### YOUR ASSIGNMENT:
Given the entries that follow, write out exactly the lines starting at the one containing "The King & Bear" and ending at the one containing "Internships are located", both ends included, and only those.

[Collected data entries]
════════════════════
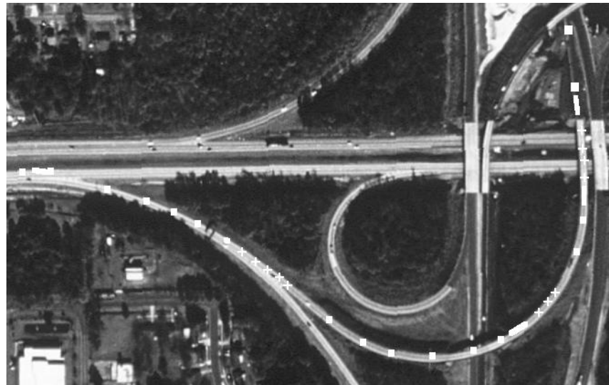
Figure 5: Tracking result. The white crosses are the backtracking results by the computer from the point where it failed and get a new human input.
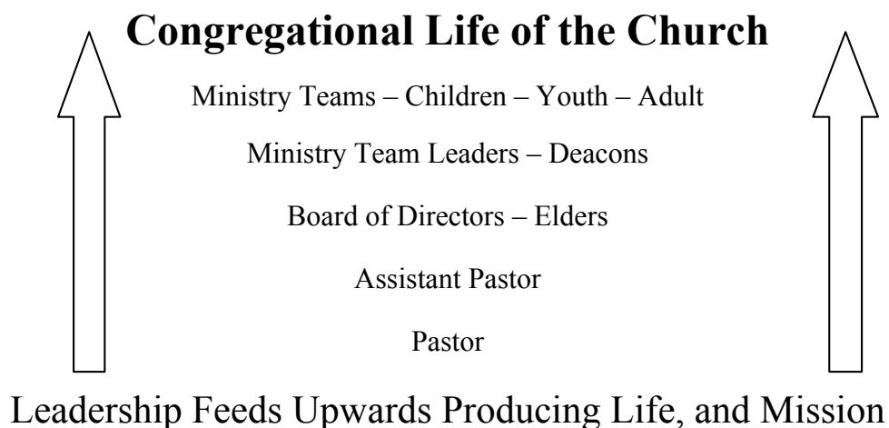
Figure 6.1. Pyramid and reverse pyramid models of leadership
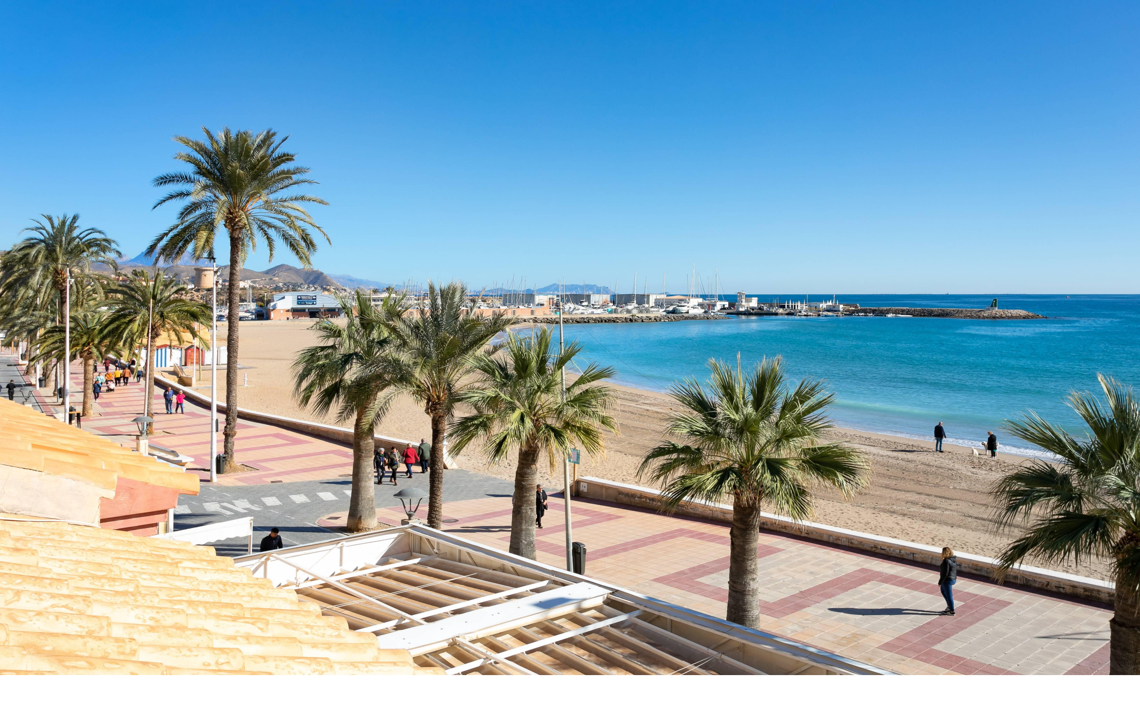
Mediterranean Villa in front of the sea in Campello

Campello - Alicante - Comunidad Valenciana
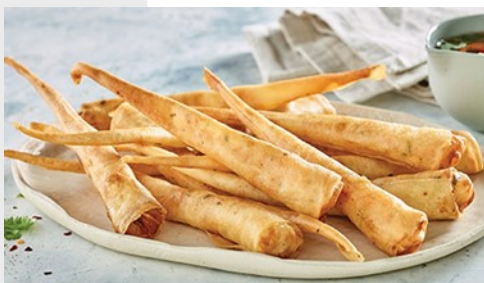
MARKWELL Prawn Twisters
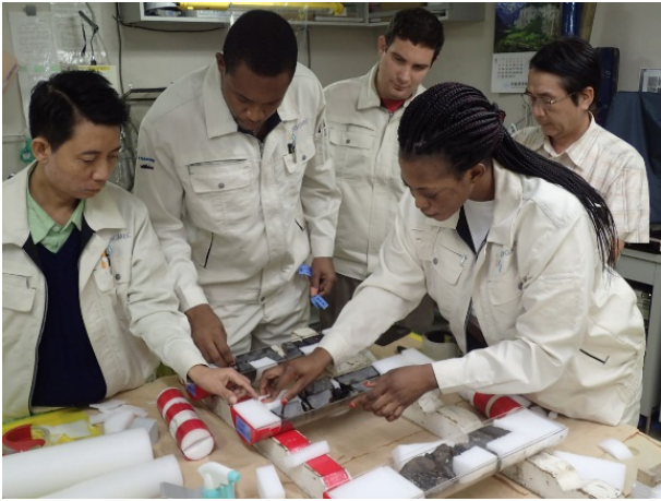
Sample processing on R/V Hakurei
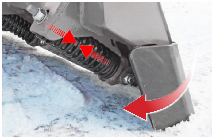
Cutting edge with trip springs
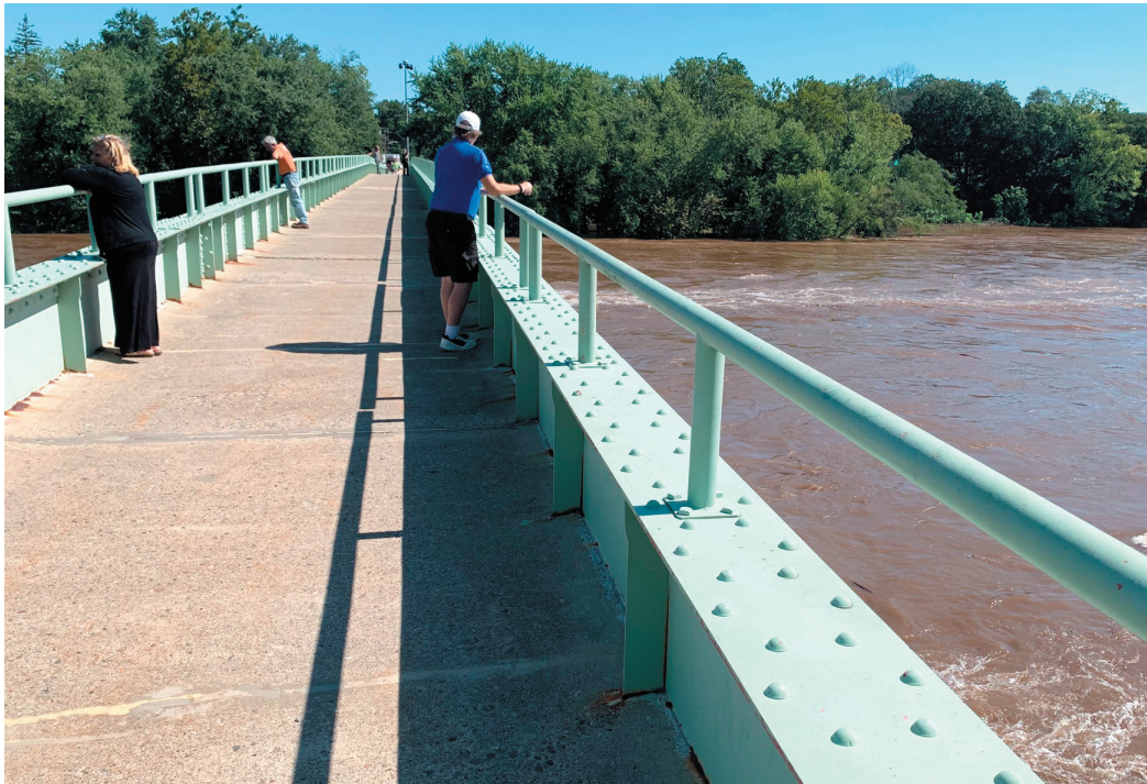
Flood sightseers on the pedestrian bridge in Portland that spans the Del. River from Pa. to N.J.

The new dam at Minsi Lake 'worked excelent' according to a dam watcher from Pa. Fish & Boat. The dam stayed in the 'White Zone' through out the entire event. There is a water level painted
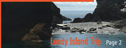
Lundy Island Trip Page 2
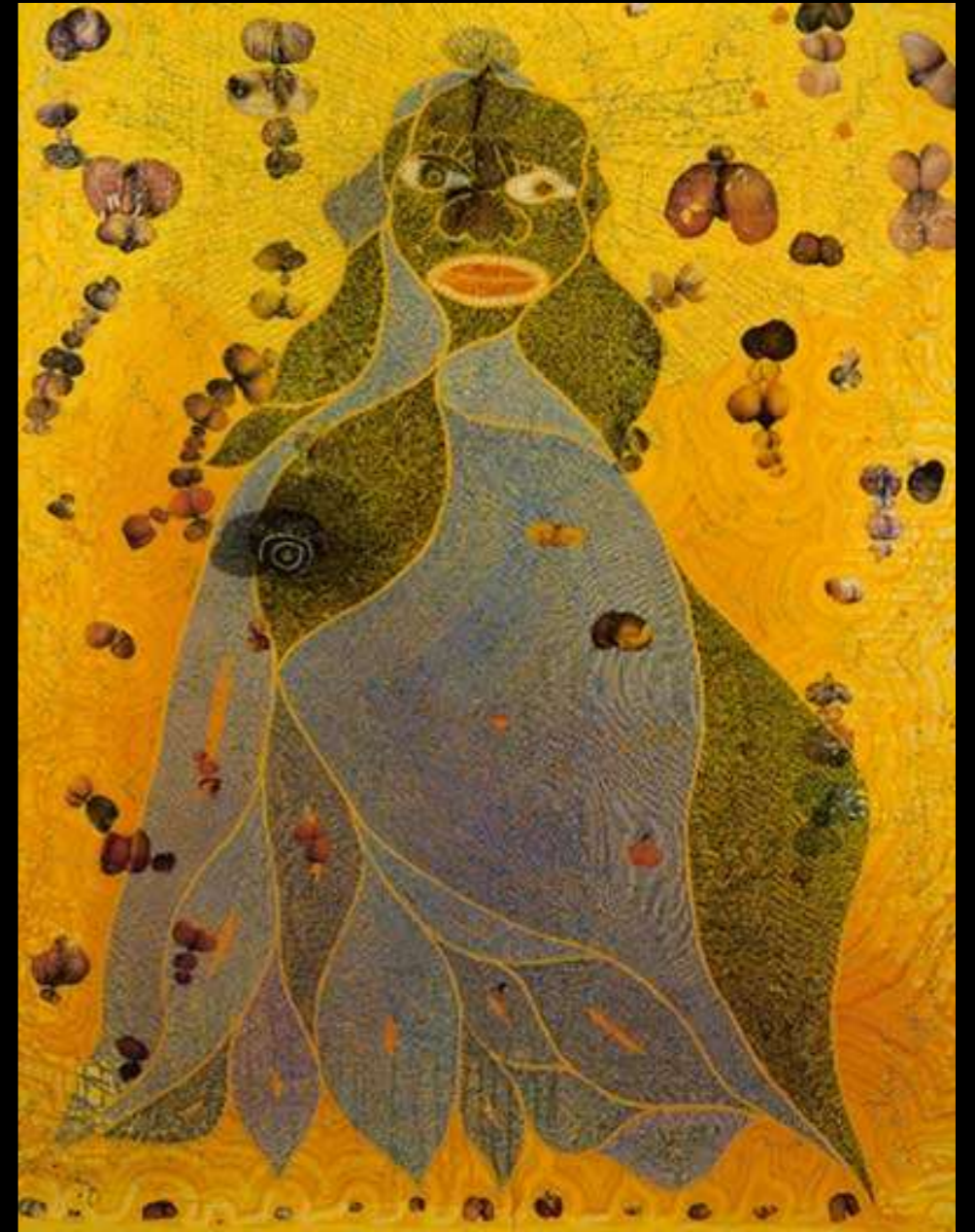
Holy Virgin Mary, Chris Ofili (with elephant dung)
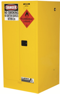
Safety Can Storage CAT.NO. AU25602 350Lt Capacity
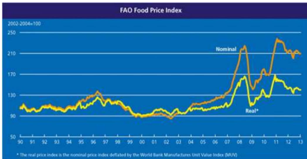
Figure no. 1: The evolution of the FAO Food Price Index
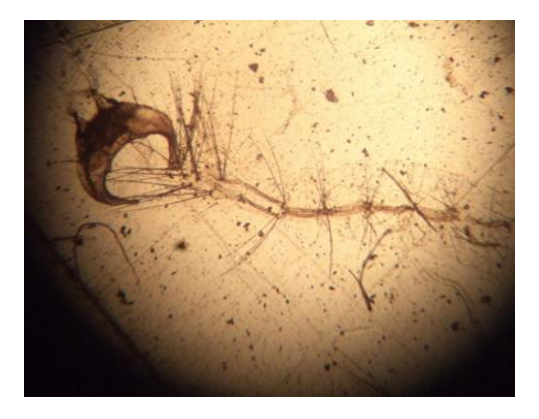
Figure 2 Decomposition Head and Abdomen of C. quinquefasciastus

The effect of treatment with Leaf extracts of Az. Indica and S-Hydroprene on the morphology of the organisms was in form of abnormalities on the body wall and chitinous exoskeleton (Figures 2, 3 and 4). These effects were not observed in the control group (Figure 5).
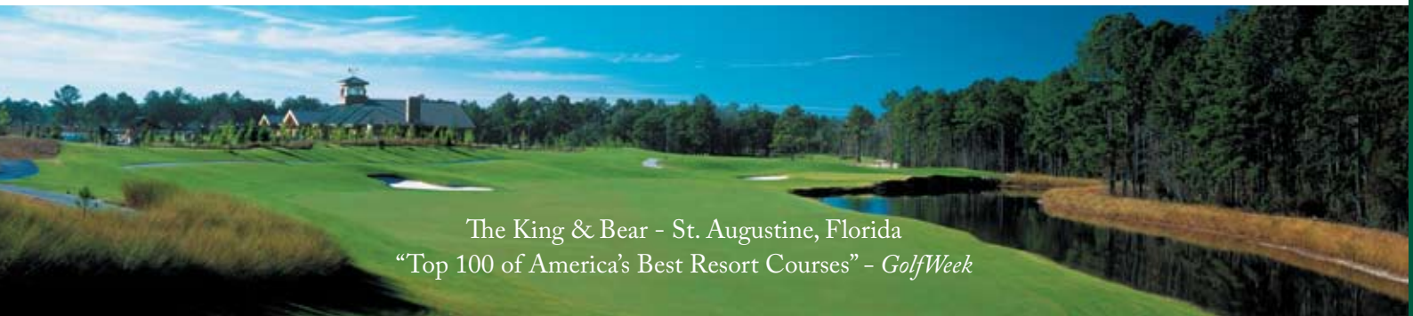
The King & Bear – St. Augustine, Florida "Top 100 of America's Best Resort Courses" – GolfWeek

Internships are located at various Honours Golf properties throughout the Southeast and may be as short as 12 weeks or as long as 7 months.
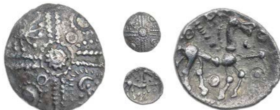
2390 Uninscribed issues, Half-Unit, cruciform wreaths, pellet-ring in centre, rings and spirals in angles, rev. pelleted horse right, pellets-in-annulets around, 0.48g/1h (ABC -; BMC -; VA -; S -). Good fine, reverse better, apparently UNIQUE £800-1,000

The cruciform obverse design bears more than a passing resemblance to some of the Danebury coins
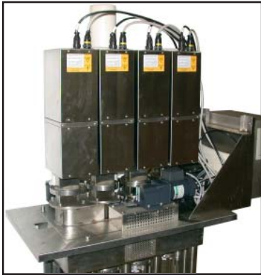
No electrical contacts means that lamps can be removed from above the water line.

MicroDynamics UV disinfection is a proven, cost-effective, reliable and safe disinfection treatment method.
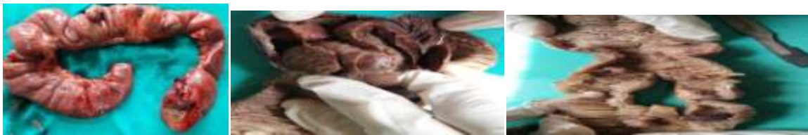
Figure 4.a Photograph of the gross bowel specimen demonstrates the lead-point polyp with several smaller polyps aggregated at the base of the dominant polyp, with intussusceptions. 4b. gross bowel specimen demonstrates the lead-point polyp with intussusception. 4c multiple jejunal polyps with necrosis
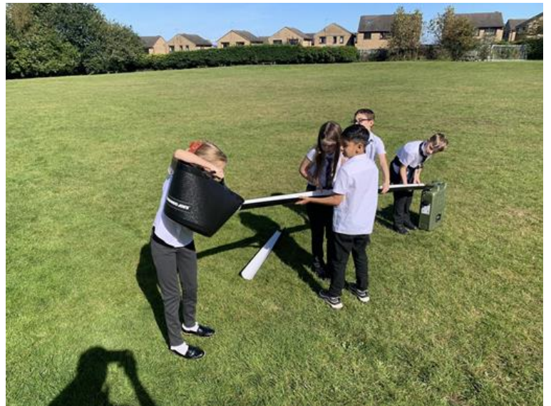
Developing our communication and teamwork skills in year 4
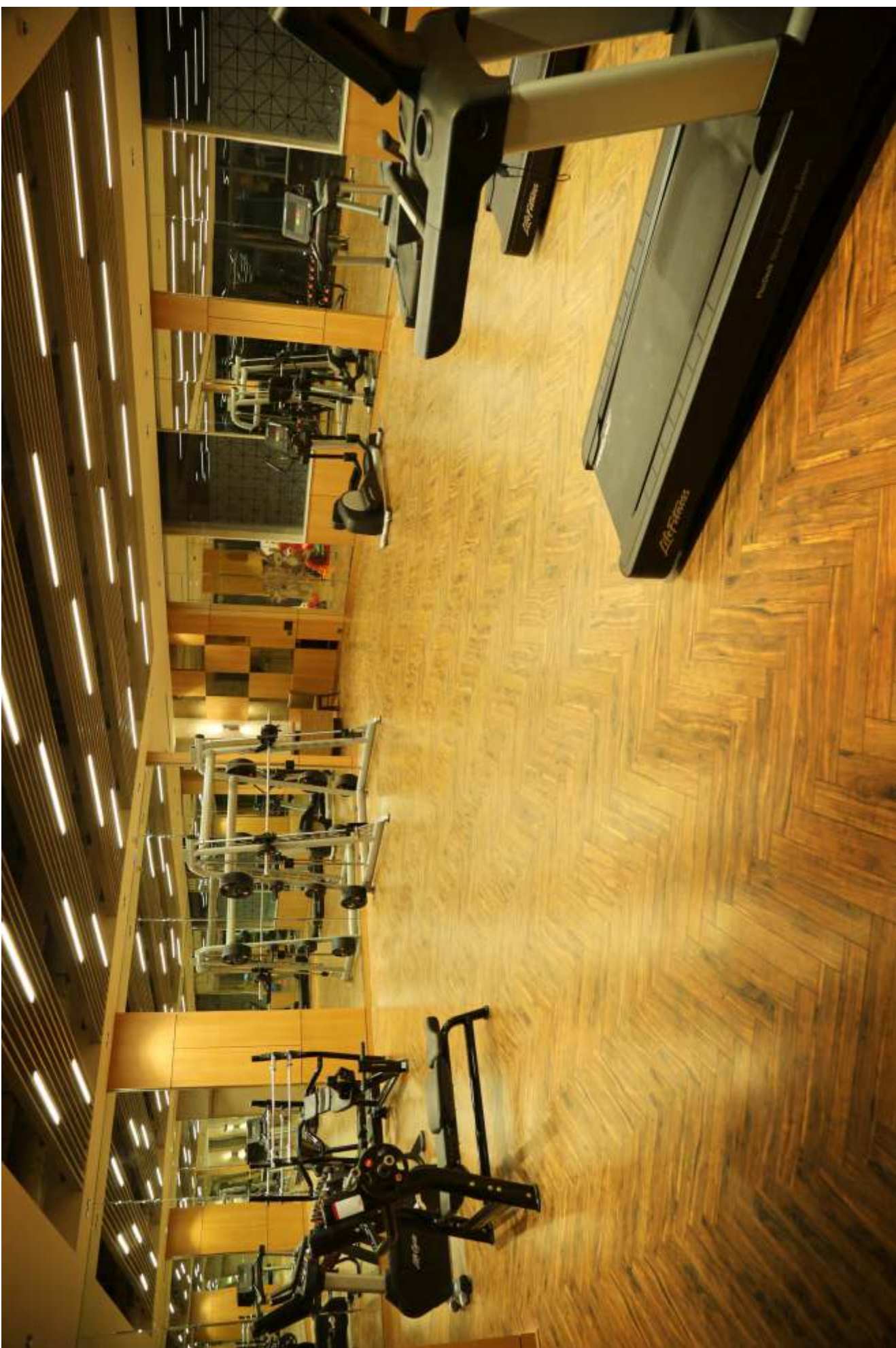
GYM at Pocket B Club
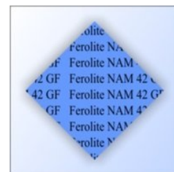
FEROLITE NAM 42 GF
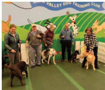
10 AM Adolescent
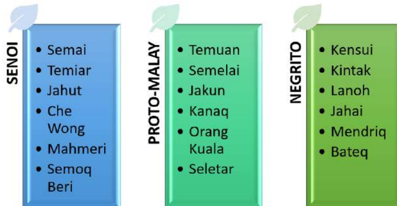
Figure 1.1: The indigenous assemblages in Malaysia (adapted from JAKOA Strategic Plan 2016-2020)

The indigenous community in Malaysia is a part of the multiracial communities, due to the long history of colonialization and migration. Malaysia entails three mainstream clusters namely the Malays, Chinese and Indians, and the indigenous groups are only 0.7% from the total population of Malaysia. The Malaysian government defined indigenous people or known as Orang Asli (original people) as individuals from the Orang Asli lineage that practice the indigenous cultural way of life and communicate using their indigenous languages in Peninsular Malaysia (Department of Orang Asli Development (JAKOA), 2016). There are around 180 000 indigenous people in Malaysia and they are divided into three main assemblages known as the Senoi, Proto-Malay and Negrito. Each major group is made up of smaller tribes such as Temuan, Semai, and Jahai. The complete list of the indigenous tribes is illustrated in Figure 1.1.
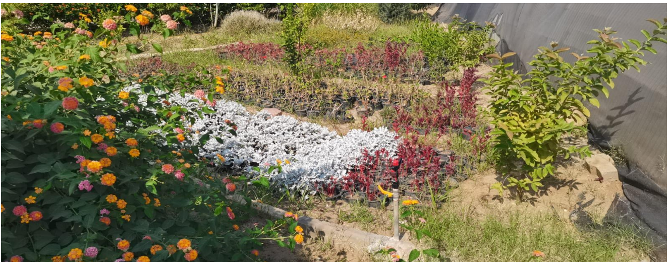
Fig.8. Green houses for water conservation.
════════════════════
### EXERCISE OUTPUT:
The King & Bear – St. Augustine, Florida "Top 100 of America's Best Resort Courses" – GolfWeek

Internships are located at various Honours Golf properties throughout the Southeast and may be as short as 12 weeks or as long as 7 months.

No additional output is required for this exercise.